A basis for $k(X)$ regarded as a vector space over $k$
A $k$-basis is given by expressions of the form $$\frac{x^i}{[p(x)]^n}$$ where $p(x)$ is a monic irreducible polynomial with coefficients in $k$, $i$ and $n$ are nonnegative integers, and $i\lt\deg(p)$, together with the positive powers of $x$.
The fact that these elements span $k(x)$ follows from partial fraction decomposition.

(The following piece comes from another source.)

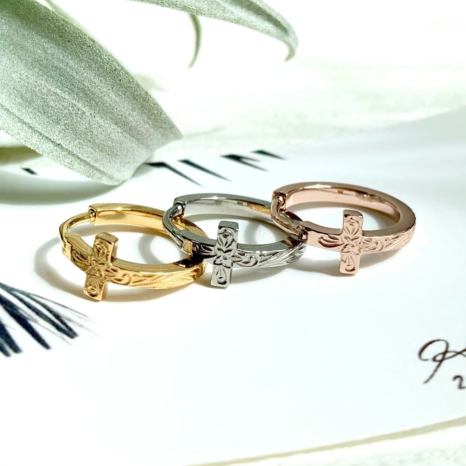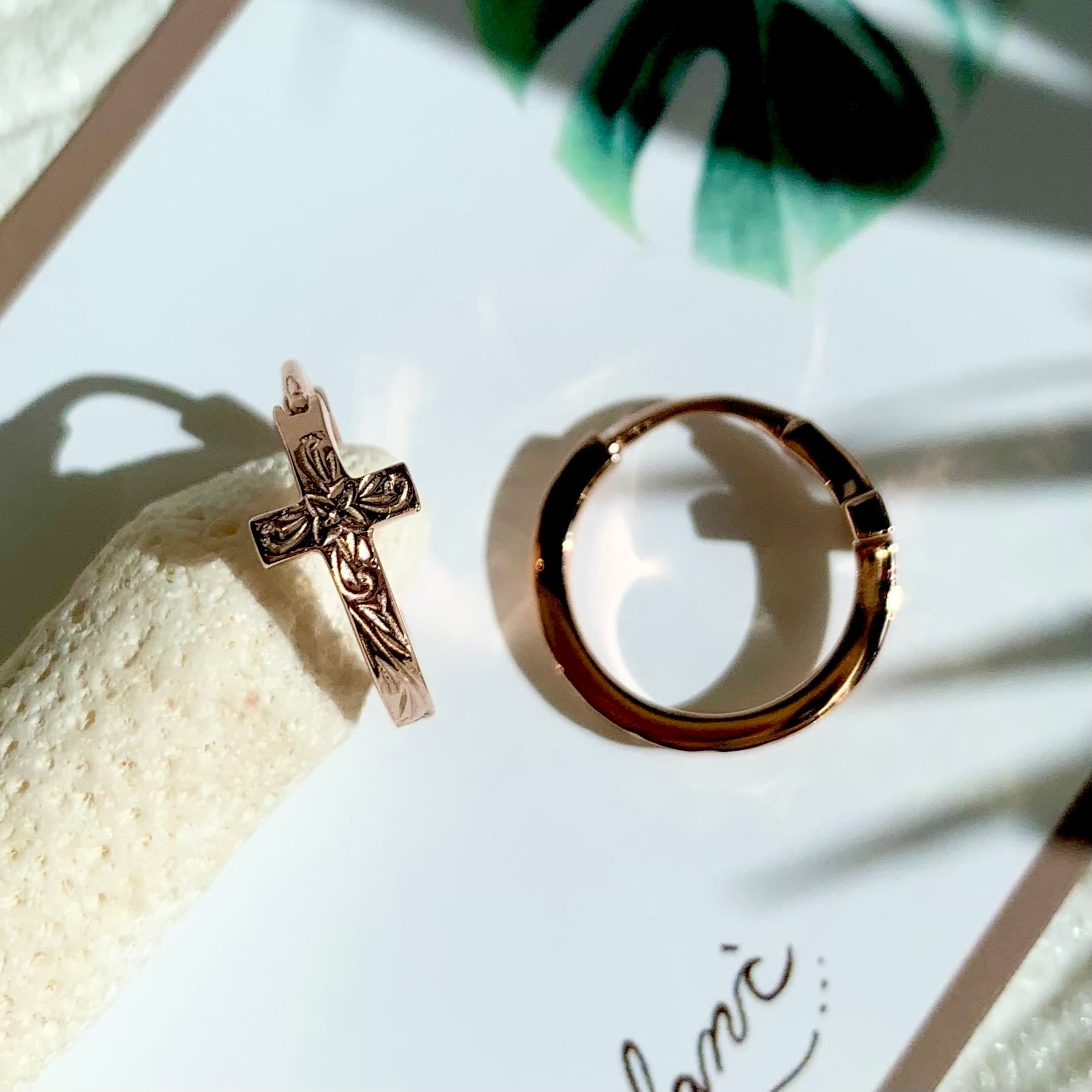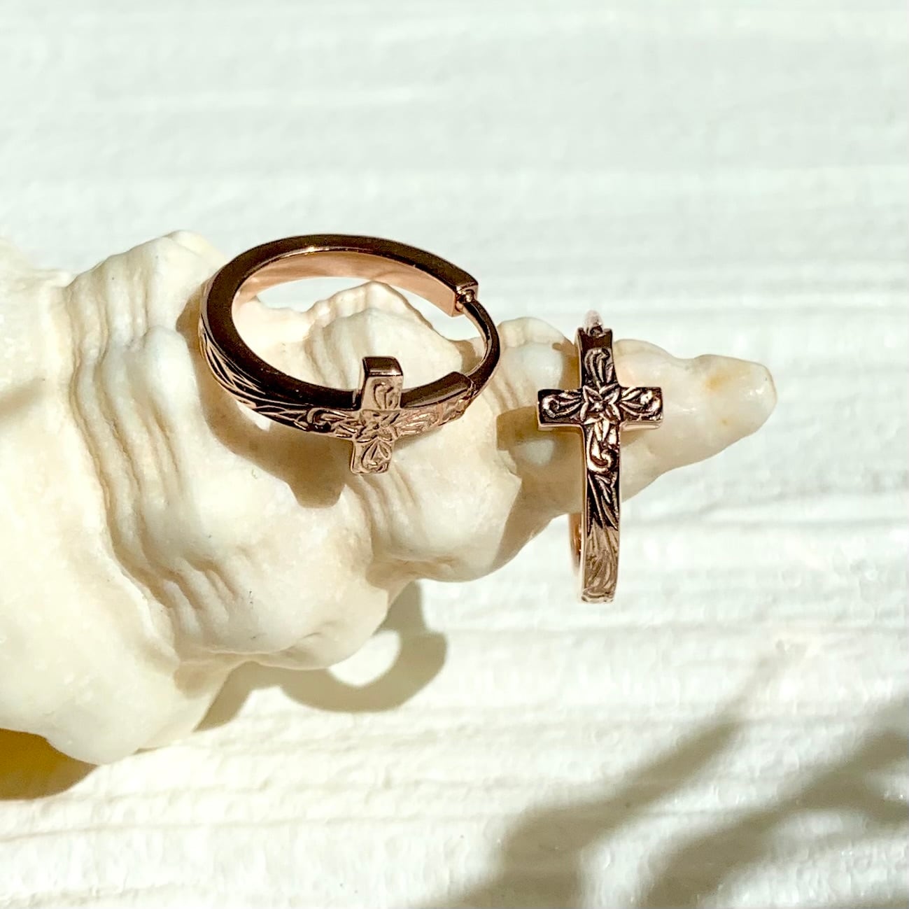【 ハワイアンジュエリー 】 クロス フープ ワンタッチ ピアス ( ピンクゴールド ) サージカルステンレス SUS 316L / 錆びない / ニッケルフリー 金属アレルギー対応 / ハワジュ 十字架 / ギフト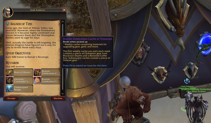 Visit the Caverns of Time anniversary event area and accept all weekly quests there.

To verify linear independence, first note that we cannot have $$p(x) = \frac{f(x)}{g(x)}$$ with $p$, $f$, and $g$ polynomials, $\gcd(f,g)=1$, and $g\notin k$ (this is just unique factorization in $k(x)$). Given a linear combination equal to $0$, equating the "polynomial part" and the "rational function part" shows they are both zero; the polynomial part being zero means all coefficients are equal to $0$. So you are reduced to verifying that the "rational function" part is independent. Then can rewrite this part as a sum of the form $$\frac{f_1(x)}{(p_1(x))^{n_1}} + \cdots + \frac{f_k(x)}{(p_k(x))^{n_k}}$$ where $p_1,\ldots,p_k$ are pairwise distinct monic irreducibles, and $\deg(f_i)\lt n_i\deg(p_i)$. Going to an algebra closure and evaluating the numerators you get at roots of the $p_i$ easily yield that $f_i(x)=0$ for all $i$. This reduces to the case of fractions in which the denominators are all powers of the same monic irreducible, which is straightforward.